* [Task statement]
In the data below, the answer is the run of lines from the line containing "觀點指數(shù)通過對20" through the line containing "This App give", both included; print it exactly and nothing else.

Records from a data source:

###

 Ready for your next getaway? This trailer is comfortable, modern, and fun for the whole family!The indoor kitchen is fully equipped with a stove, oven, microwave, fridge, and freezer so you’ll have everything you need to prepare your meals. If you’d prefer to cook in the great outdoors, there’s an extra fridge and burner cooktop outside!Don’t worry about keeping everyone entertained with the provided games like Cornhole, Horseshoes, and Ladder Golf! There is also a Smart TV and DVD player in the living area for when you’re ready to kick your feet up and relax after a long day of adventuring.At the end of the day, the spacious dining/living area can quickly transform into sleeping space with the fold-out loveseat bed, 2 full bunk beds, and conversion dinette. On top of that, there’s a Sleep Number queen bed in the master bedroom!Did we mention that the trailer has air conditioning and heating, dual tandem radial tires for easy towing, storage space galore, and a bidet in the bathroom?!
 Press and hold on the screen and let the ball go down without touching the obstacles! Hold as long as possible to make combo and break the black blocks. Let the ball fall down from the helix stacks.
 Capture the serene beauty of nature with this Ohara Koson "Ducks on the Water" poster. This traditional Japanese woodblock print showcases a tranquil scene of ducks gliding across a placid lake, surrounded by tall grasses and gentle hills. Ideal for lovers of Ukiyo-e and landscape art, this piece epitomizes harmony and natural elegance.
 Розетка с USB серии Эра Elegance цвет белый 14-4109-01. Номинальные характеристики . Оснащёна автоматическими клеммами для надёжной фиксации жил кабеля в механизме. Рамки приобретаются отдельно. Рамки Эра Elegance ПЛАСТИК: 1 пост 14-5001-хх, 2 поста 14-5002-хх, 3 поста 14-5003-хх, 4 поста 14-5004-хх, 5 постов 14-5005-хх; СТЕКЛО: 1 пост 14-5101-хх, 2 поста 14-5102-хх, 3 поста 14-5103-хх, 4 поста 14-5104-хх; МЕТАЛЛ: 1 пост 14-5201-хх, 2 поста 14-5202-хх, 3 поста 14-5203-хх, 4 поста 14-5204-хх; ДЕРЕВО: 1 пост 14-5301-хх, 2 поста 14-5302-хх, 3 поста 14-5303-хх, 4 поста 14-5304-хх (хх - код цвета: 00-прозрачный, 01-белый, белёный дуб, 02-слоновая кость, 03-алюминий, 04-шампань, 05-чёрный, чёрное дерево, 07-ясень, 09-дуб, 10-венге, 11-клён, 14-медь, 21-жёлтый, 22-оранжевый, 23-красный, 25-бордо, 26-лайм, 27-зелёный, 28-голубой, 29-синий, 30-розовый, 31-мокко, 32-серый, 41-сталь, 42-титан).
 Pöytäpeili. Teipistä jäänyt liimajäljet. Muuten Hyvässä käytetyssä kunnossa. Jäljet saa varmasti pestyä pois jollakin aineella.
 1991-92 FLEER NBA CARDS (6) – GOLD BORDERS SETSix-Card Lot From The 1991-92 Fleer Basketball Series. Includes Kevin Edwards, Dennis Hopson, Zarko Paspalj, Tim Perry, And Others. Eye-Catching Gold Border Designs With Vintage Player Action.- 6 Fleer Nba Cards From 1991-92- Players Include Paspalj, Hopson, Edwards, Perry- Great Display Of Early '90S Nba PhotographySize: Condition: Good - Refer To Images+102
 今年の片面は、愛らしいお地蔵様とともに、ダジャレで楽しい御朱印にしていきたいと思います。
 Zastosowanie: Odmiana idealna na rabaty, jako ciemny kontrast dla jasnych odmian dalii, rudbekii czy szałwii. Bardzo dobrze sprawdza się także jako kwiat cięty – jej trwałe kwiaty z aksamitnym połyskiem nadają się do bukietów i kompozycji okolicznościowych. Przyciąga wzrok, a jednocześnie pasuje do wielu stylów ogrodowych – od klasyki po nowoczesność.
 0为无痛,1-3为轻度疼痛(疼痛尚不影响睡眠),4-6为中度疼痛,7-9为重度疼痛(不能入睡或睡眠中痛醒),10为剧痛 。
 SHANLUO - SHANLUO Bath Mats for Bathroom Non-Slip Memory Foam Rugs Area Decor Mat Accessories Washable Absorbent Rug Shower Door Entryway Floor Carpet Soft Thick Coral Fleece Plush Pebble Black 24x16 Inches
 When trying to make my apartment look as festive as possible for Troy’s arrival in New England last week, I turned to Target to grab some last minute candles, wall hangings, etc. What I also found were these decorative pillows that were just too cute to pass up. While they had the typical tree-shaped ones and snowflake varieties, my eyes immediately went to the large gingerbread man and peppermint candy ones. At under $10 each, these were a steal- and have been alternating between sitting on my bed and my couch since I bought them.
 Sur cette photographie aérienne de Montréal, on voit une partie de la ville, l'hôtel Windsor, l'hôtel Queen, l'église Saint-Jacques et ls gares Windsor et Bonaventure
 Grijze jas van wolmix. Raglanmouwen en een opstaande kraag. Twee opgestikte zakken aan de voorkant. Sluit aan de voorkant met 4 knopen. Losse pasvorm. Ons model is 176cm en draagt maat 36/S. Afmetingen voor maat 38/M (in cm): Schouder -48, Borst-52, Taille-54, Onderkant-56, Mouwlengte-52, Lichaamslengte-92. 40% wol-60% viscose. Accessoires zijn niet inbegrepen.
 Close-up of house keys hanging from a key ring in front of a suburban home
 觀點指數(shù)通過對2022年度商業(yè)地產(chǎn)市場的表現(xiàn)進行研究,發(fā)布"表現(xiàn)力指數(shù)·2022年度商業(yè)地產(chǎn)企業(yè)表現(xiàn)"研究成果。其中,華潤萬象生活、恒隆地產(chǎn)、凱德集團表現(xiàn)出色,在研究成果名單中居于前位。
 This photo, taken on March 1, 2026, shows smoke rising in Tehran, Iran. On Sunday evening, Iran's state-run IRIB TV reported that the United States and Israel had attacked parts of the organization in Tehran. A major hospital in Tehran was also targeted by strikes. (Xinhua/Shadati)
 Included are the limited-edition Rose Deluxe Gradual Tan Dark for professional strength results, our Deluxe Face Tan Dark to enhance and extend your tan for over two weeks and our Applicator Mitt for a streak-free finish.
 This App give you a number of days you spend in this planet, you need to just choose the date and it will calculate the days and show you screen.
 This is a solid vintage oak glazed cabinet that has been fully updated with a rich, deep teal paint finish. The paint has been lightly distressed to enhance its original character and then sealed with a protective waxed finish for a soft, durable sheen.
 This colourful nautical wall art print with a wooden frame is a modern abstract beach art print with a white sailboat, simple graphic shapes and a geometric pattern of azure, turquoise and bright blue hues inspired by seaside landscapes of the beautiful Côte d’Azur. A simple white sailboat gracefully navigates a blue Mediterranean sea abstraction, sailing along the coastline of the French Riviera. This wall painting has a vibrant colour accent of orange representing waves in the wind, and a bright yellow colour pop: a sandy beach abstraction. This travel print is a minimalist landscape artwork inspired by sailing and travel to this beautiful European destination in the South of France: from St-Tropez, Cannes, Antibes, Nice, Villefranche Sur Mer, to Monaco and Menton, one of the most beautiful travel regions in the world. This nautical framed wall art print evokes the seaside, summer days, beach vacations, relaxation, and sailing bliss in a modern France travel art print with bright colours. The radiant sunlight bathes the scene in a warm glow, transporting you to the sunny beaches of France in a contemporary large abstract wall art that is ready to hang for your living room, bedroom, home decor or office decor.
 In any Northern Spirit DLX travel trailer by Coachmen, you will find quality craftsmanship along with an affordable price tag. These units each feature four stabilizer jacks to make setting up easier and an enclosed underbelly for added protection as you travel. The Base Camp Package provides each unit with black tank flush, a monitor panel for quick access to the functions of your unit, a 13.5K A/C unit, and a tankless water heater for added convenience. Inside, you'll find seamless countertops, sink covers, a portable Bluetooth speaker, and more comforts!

###

* [Task response]
 觀點指數(shù)通過對2022年度商業(yè)地產(chǎn)市場的表現(xiàn)進行研究,發(fā)布"表現(xiàn)力指數(shù)·2022年度商業(yè)地產(chǎn)企業(yè)表現(xiàn)"研究成果。其中,華潤萬象生活、恒隆地產(chǎn)、凱德集團表現(xiàn)出色,在研究成果名單中居于前位。
 This photo, taken on March 1, 2026, shows smoke rising in Tehran, Iran. On Sunday evening, Iran's state-run IRIB TV reported that the United States and Israel had attacked parts of the organization in Tehran. A major hospital in Tehran was also targeted by strikes. (Xinhua/Shadati)
 Included are the limited-edition Rose Deluxe Gradual Tan Dark for professional strength results, our Deluxe Face Tan Dark to enhance and extend your tan for over two weeks and our Applicator Mitt for a streak-free finish.
 This App give you a number of days you spend in this planet, you need to just choose the date and it will calculate the days and show you screen.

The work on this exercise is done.